The compressed version of MEGARes v.2.0 used in KARGAMobile included 2,050 ARGs, reduced from the original set of 7,378 (we here excluded chromosomal genes with mutations). The average (st.dev.) read length of the semi-synthetic validation datasets was 876 (±437) and 8,984 (±6,977) bases for MEGARes and Sus scrofa, respectively. Accuracy and false positive rate of the two tools were very similar, as shown in Table 1. From the validation results, the optimal value of k was 25 for both KARGAMobile and KARGA: on the largest dataset, the f1-measure was 96.9% for KARGA and 96.2% for KARGAMobile, the balanced accuracy was 97.3% and 96.9%, the false negative rate was 5.4% and 6.3%, with zero false positive rate. Of note, the k value is higher than the usual KARGA (non-mobile version) default. Two contrasting factors influence the optimal value: the read length drives the value up, with Nanopore reads longer than Illumina ones; and the error rate drives the value down, with Nanopore reads being more erroneous than Illumina ones. In fact, when looking at the resistome summary for the semi-synthetic data, values of k between 17 and 25 behaved better than 25, because they allowed to identify more genes at higher coverage, with the same false positive rate. Specifically, at k = 17, 100% of ARGs from MEGARes could be retrieved at least 50% coverage, with no spurious attributions of reads generated from the Sus scrofa genome. Conversely, at k = 25, only 89% of ARGs could be identified at 50% coverage, without any spurious Sus scrofa read assignment.

TABLE 1
www.frontiersin.org

TABLE 1. Validation performance of KARGAMobile and KARGA on semi-synthetic datasets.

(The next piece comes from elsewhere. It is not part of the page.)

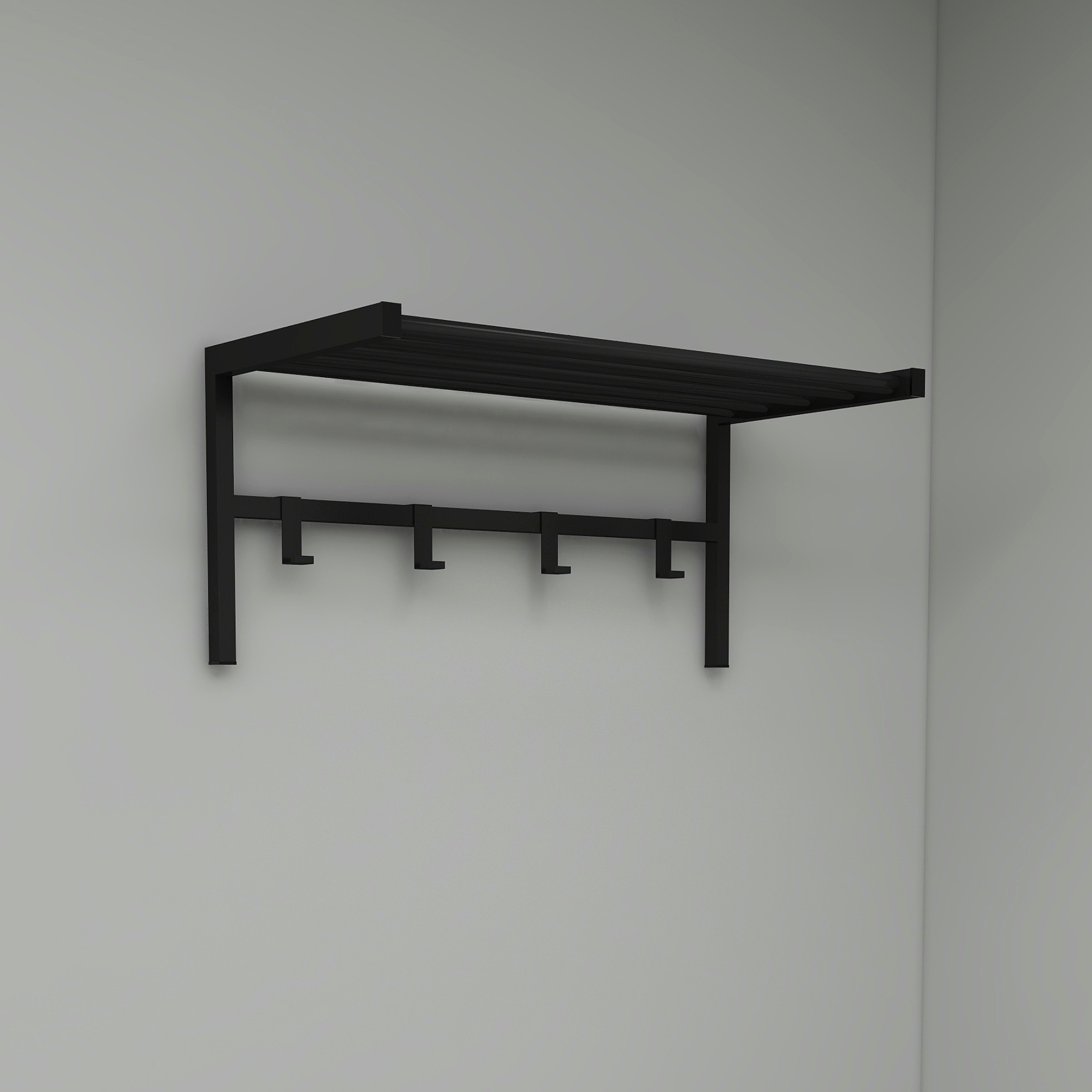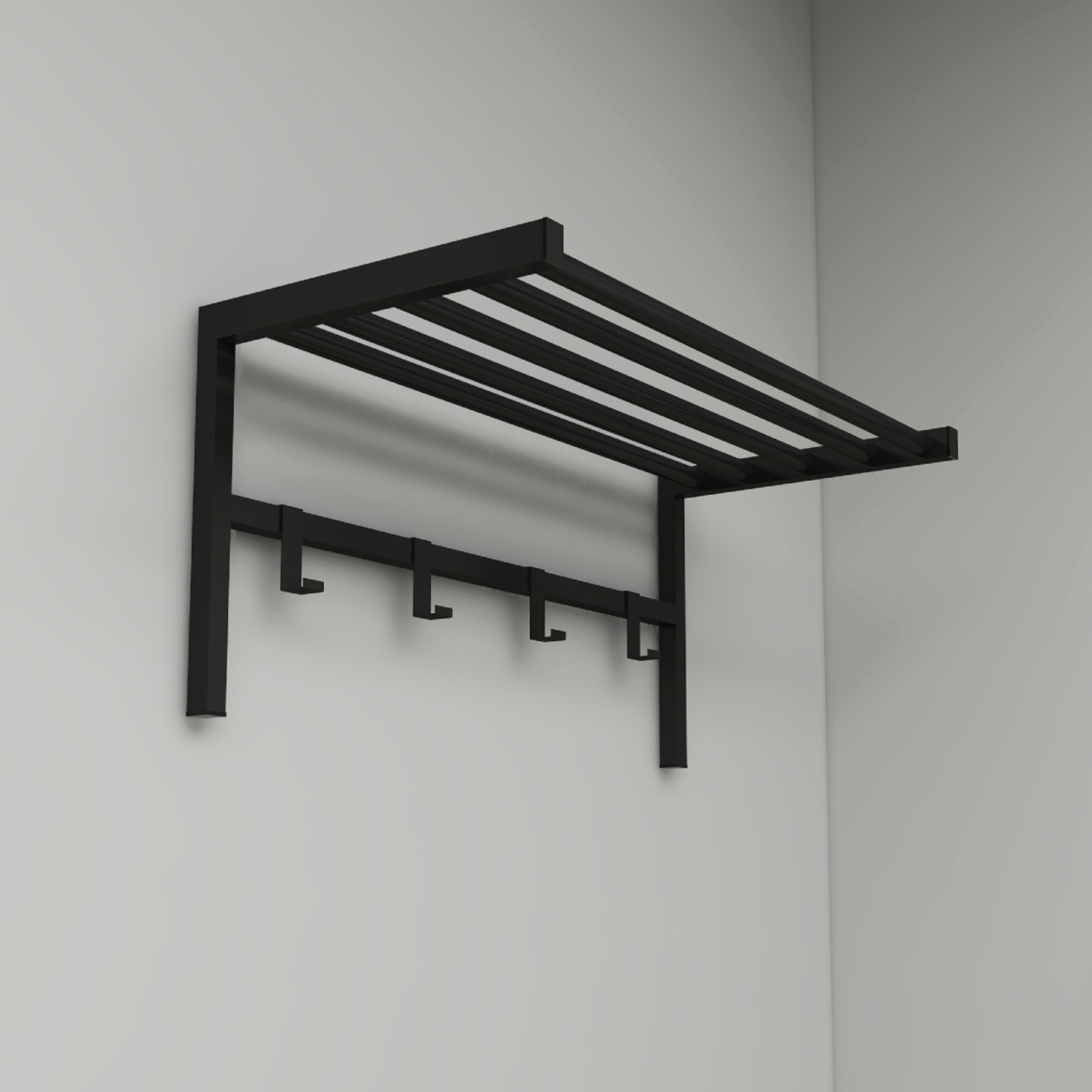 Cuier de perete Tolga cu raft este o alegere practica si eleganta pentru hol, dressing sau birou. Acest cuier de perete in finisaj negru ajuta la organizarea eficienta a hainelor si accesoriilor, economisind spatiu si oferind un aspect modern incaperii.

We then tested KARGAMobile on the real Nanopore experimental datasets from targeted sequencing of hospital outbreaks, and metagenomics sequencing of mechanically-ventilated patients with severe pneumonia. Respectively, we used 14 FASTQ files from (Peter et al., 2020), ranging from 238MB to 5,779MB, and 6 FASTQ files from (Yang et al., 2019), ranging from 221MB to 775 MB. Table 2 gives details on run times, memory and temperature usage. On the targeted bacterial sequencing data, KARGAMobile processed on average 1 GB in 23 min, with a peak RAM usage of 498 MB independently from input file size and average/peak temperature of 49/60°C after 1 h of continuous data processing. In fact, when executing a formal one-sample t-test for possible deviations from the null hypothesis of independence of RAM usage and temperature, none of the experiments yielded a p-value lower than 0.64. On the metagenomics data, the processing speed was 48 min per 1GB, the average peak RAM usage was 394MB, and the average/peak temperature was 46/53°C after 30 min of continuous data processing.

TABLE 2
www.frontiersin.org

TABLE 2. Run summary of KARGAMobile on real experimental data: (1) targeted sequencing of C. cronae, C. freundii, and P. aeruginosa in hospital outbreaks; (2) metagenomics experiments from mechanically-ventilated patients hospitalized with severe pneumonia.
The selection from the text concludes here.